We have not remarried.
I now wish to return to live in Thailand but until I have obtained the proceeds of the sale of my house which is currently going through, I do not have the required 800k baht in my SCB account.
I will be able to transfer it on completion of the sale but I want to get a non immigrant O visa here which will give me 90 days in Thailand during which time the 800k baht will be sitting in my account in readiness for the application for retirement extension of stay.
However upon researching the procedure here it seems that I have to have either proof of marriage with 400k baht, or 800k baht already deposited.
Is there any way I can come to Thailand on a 30 day visa on arrival and then apply for a Non Immigrant O whilst in Thailand or do I have to deposit the money in SCB first and kick my heeels around in the UK for 3 months before I come over.
I will be living in Khon Kaen and will have proof of residency.

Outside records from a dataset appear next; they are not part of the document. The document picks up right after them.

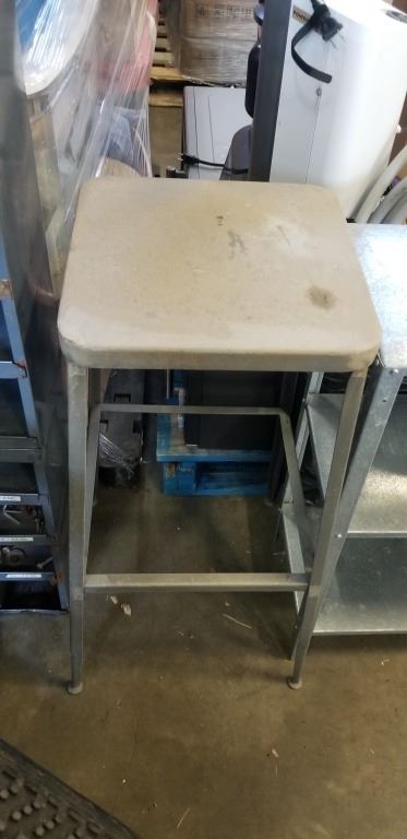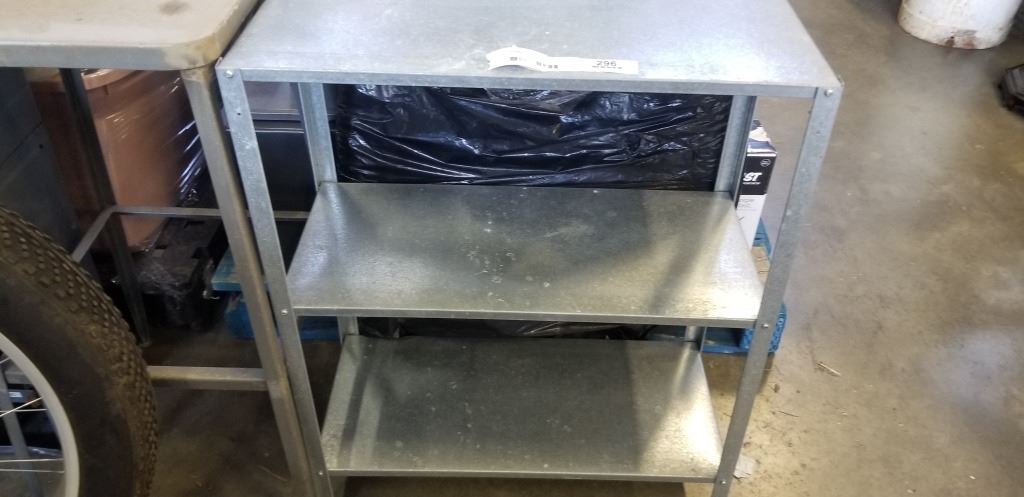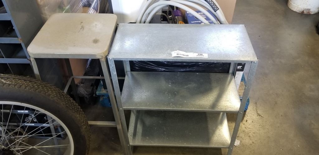 METAL SHOP SHELF, STOOL AND 50FT GARDEN HOSE
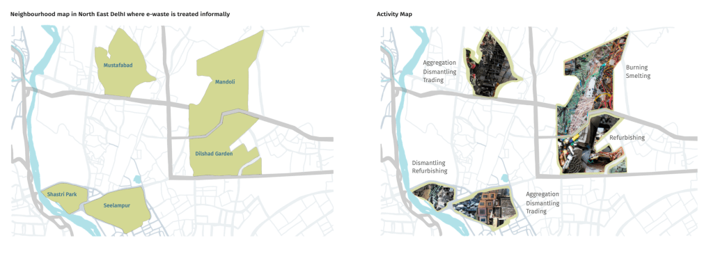 In and around metropolitan cities in India there are over 3000 units engaged in the informal sector for e-waste recycling. Large portions of these are concentrated in the North Eastern parts of Delhi in the neighbourhoods of Mustafabad, Seelampur, Dilshad Garden, Mandoli and Shastri Park, each with specific core activities. These include dismantling, smelting, refurbishing and trading that are operated informally by micro-entrepreneurs living in these areas.
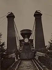 When the American Civil War ended and the United States turned its focus toward rebuilding, Roebling sought state approval to build the Brooklyn Bridge. The government wanted a thorough review of the engineer's credentials; hence, a Bridge Party was organized. Comprising Roebling and his son, as well as their fellow bridge engineers, generals, businessmen, and high society figures, the party toured the country to review four bridges Roebling had built before the civil war.[81] The final item on their itinerary was Roebling's Niagara Suspension Bridge. At the dinner to commemorate the end of the bridge tour, civil war veteran General Henry Warner Slocum gave a toast and called the Suspension Bridge a symbol of inspiration for the United States in its rebuilding efforts. This sentiment was shared by the guests and was expressed at later dinners across the United States.[82] The achievement of building a large suspension bridge over a gorge in the face of overwhelming adversity—constant put-downs by the professional community, American and European—gave the United States a sense of pride. Nationalism rose as the country lauded the bridge. The completion of the bridge that had been deemed impossible by the Western world gave Americans, who had lesser technical accomplishments than Europe at that time, a trophy for their achievements.[83] The Suspension Bridge became the American symbol to brave the toughest of challenges and do the impossible, pushing their drive for industrialization even harder. Charles W. Woodman specifically drew attention to the Suspension Bridge in his 1865 address to the United States Senate for approval to build a rail system to transport a ship out of the water and up around the Niagara Falls.[60]

A friend who lives in Thailand has suggested that I just come over on the 30 day visa on arrival and rely on the services of an agent but I would rather pursue then official line of application if possible.
I would appreciate any help you could give me on this dilemma
Many thanks
If you apply for a non-O single entry e-visa based on retirement from London you will have 90days from date of grant to enter Thailand and then 90 days from date of entry, to do the extension of stay.
Easiest option, you can pick your moment, perhaps sending some funds just before you fly out?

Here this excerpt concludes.